Quebrou-se, assim, uma tradição de século e meio. Sim, mas apenas por três anos! O Tribunal Administrativo de Braga acaba de dar razão a uma providência cautelar entreposta pela «Pró Toiro» (federação nacional das associações tauromáquicas), face à recusa da edilidade de autorizar uma nova corrida de touros. A tourada vai mesmo realizar-se domingo, 19 de agosto, na freguesia de Areosa, em terrenos integrados na Rede Natura e Reserva Ecológica, o que não deixa de ser caricatural, através da instalação de uma praça amovível. Deste modo, os «lobbyings» e o corporativismo associativo que haviam verberado contra o indeferimento do Município com invectivas como ”censura e fascismo cultural”, derrotou pelos tribunais a sua decisão, baseada na deliberação democraticamente sufragada no tempo do edil Defensor Moura.

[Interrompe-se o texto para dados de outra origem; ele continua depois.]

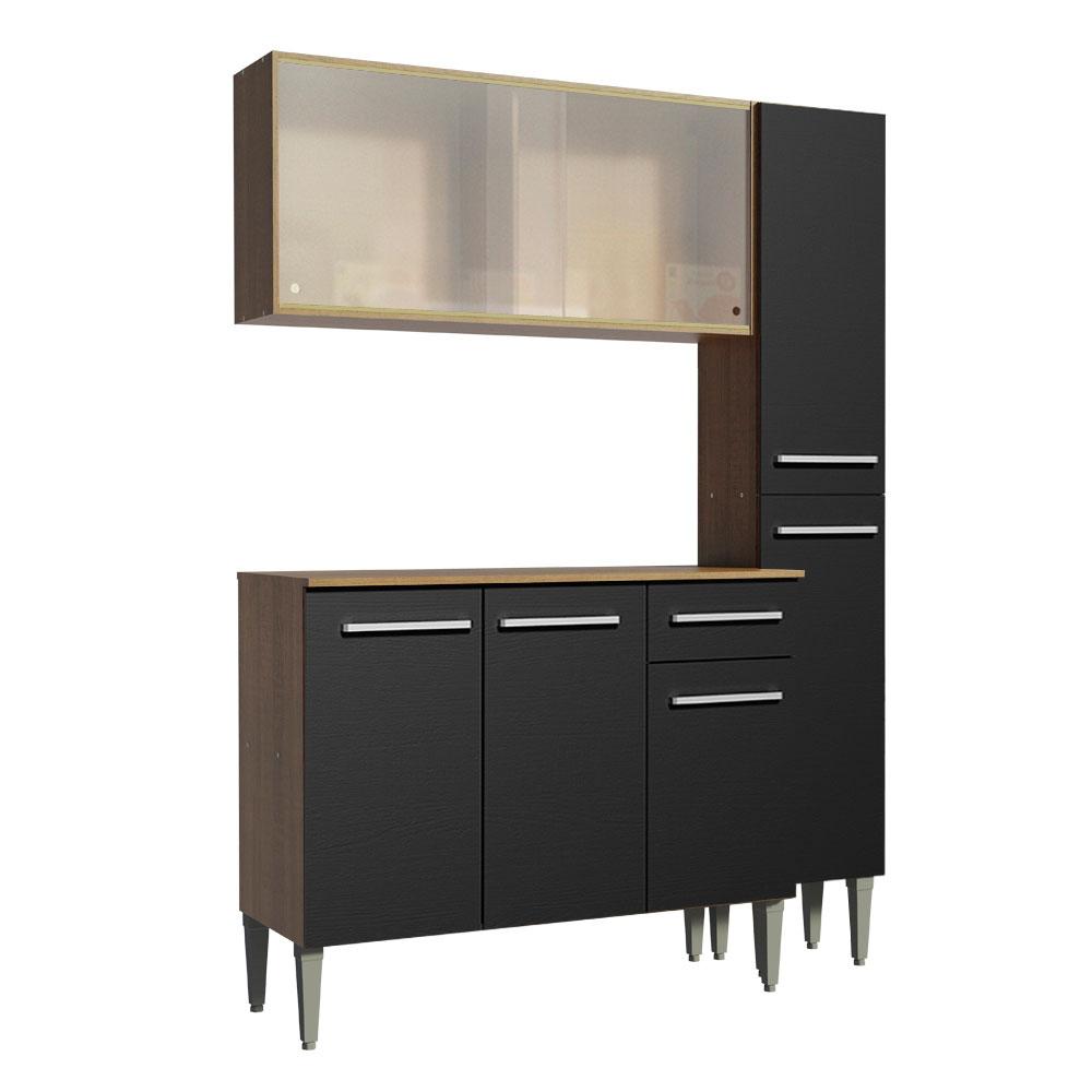 Armário de Cozinha Compacta Madesa Emilly Force com Balcão e Paneleiro Rustic/Preto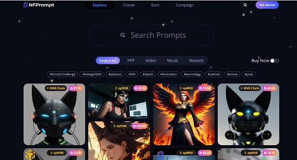 NFPrompt的独特之处在于,它允许用户通过强大的AI工具生成各种内容(AIGC),并在平台上提供了AIGC作品及其相关提示词的交易市场。这一功能性的设计让用户不再需要繁琐的技术操作,即可在NFT领域中展现创意。

Também ficou bem clara, se havia dúvidas, a tibieza decisória dos pequenos municípios, contra a força persuasiva de poderes pré-instalados. Ainda pesquisei se haveria alguma associação «Pró-Cão» ou «Pró-
-Galo», já que as lutas de cães e galos são proibidas, embora se realizem clandestinamente. É que, por detrás da «Pró-Toiro», há os ganadeiros sem os quais o touro (como se diz no norte), a única espécie herdeira das virtudes indómitas do arouque, também correria riscos de extinção como este. Depois há os empresários que organizam a festa taurina, os empresários das praças de touros, os empresários dos toureiros, até acabar nos peões de brega que ajudam na faena, mas não é por eles que as corridas um dia serão proibidas.

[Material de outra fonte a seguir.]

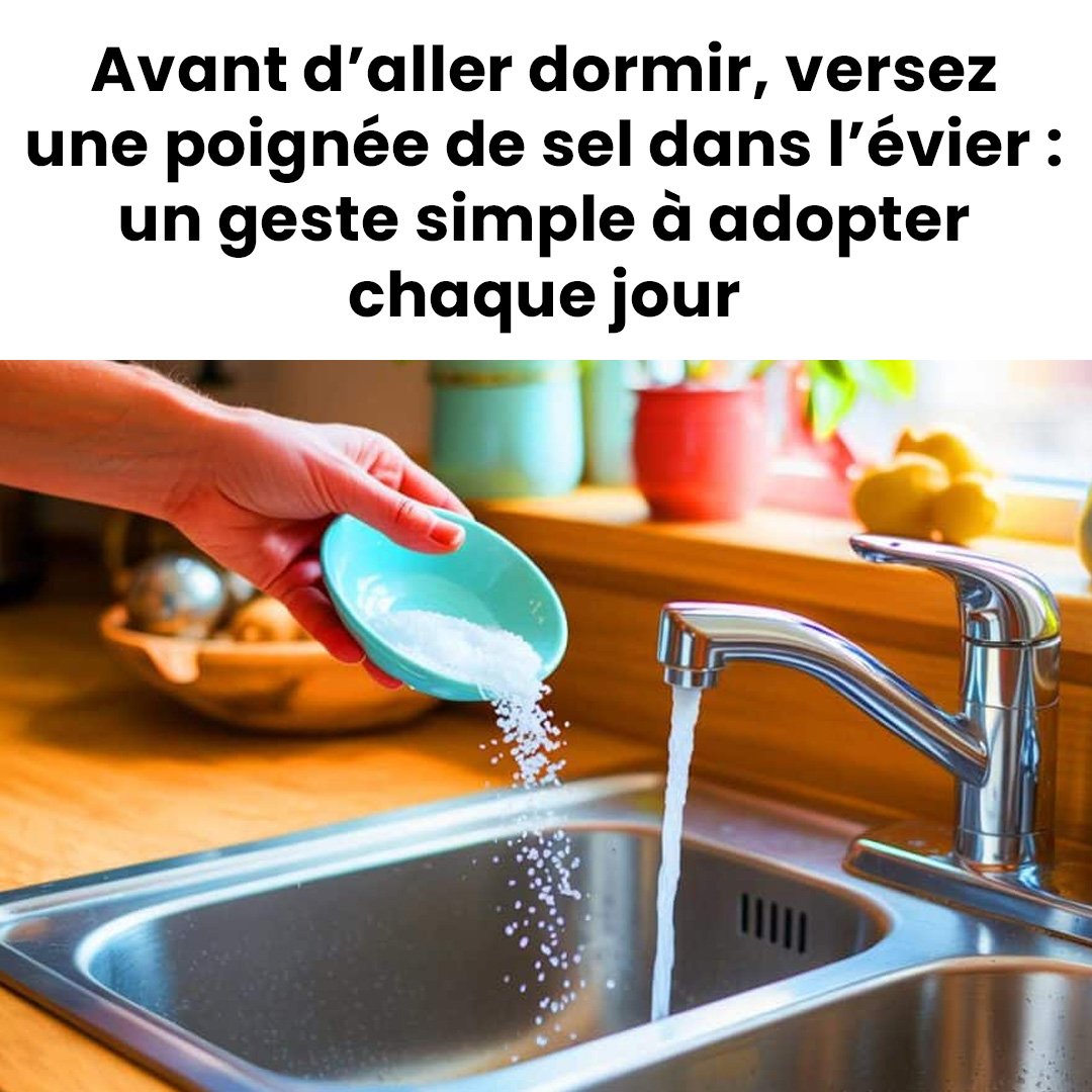 Chaque soir, juste avant d’aller se coucher, versez une poignée de sel dans votre évier. Pourquoi ? Parce que le sel agit comme un nettoyant naturel très efficace. Il aide à dissoudre les graisses, à prévenir les bouchons et surtout, à neutraliser les odeurs persistantes. Pour renforcer l’effet, ajoutez un filet d’eau chaude : votre évier vous remerciera !

As pessoas da minha geração viam as touradas emitidas pela TV todas as 5.ª feiras, diretamente do Campo Pequeno. Nessa altura, ainda era pequeno e ficava eufórico com as lides de Mestre Baptista e com as pegas dos Amadores de Santarém. Emocionava–me com a coragem dos bandarilheiros, mas a humidez viscosa que cobria o dorso dos touros ou a espuma grumosa que se lhes grudava na boca, não me causavam qualquer impressão ou comoção. Era tudo a preto e branco, tal como a minha consciência em crescimento.
As touradas de Viana atraíam muitos forasteiros. Era gente fina, a equivaler pelas marcas dos carros que se enfileiravam num imenso cordão que, passando em frente à minha janela, se estendia pela marginal, até o perder de vista sob a ponte Eiffel.
Mas um dia cresci. Ainda andaria pelo liceu. Tinha uns trocados dos padrinhos e comprei um bilhete setor sol. Era o dia de estreia, em Viana, de Ricardo Chibanga, o matador negro. Finalmente, o espetáculo a cores. Eram belas as “toilettes” das damas, policromados os adereços, refulgentes os trajes dos atores. As cortesias, sai o primeiro touro, também negro, luzidio, começava a faena. Porém, à medida que o público aplaudia as estocadas, a pelagem rasgava-se, humedecendo-a de suor grumoso de sangue, empastado na boca e narinas. O saibro da arena tingido de torrado fulvo. Mais aplausos: mais um ferro, este bem no lombo e mais pele dilacerada. Era uma luta desigual. Só o cavaleiro poderia fugir, trocar de montada.
Toca a banda, a pedido. Termina a faena. Não há imperador para sinalizar quem vive e quem morre como no Coliseu de Roma. Foi Honório quem proibiu as lutas de gladiadores por intercessão do Papa Inocêncio I. Que gigantesco passo deu a humanidade. Não é permitido matar o touro, mas quando o animal saiu, ia ferido de morte, humilhado na sua condição de animal. Decidi ir-me embora. Acho que vomitei.
Não voltaria a assistir mais a qualquer transmissão das 5.ª feiras na TV, apesar de continuarem a ser a preto e branco.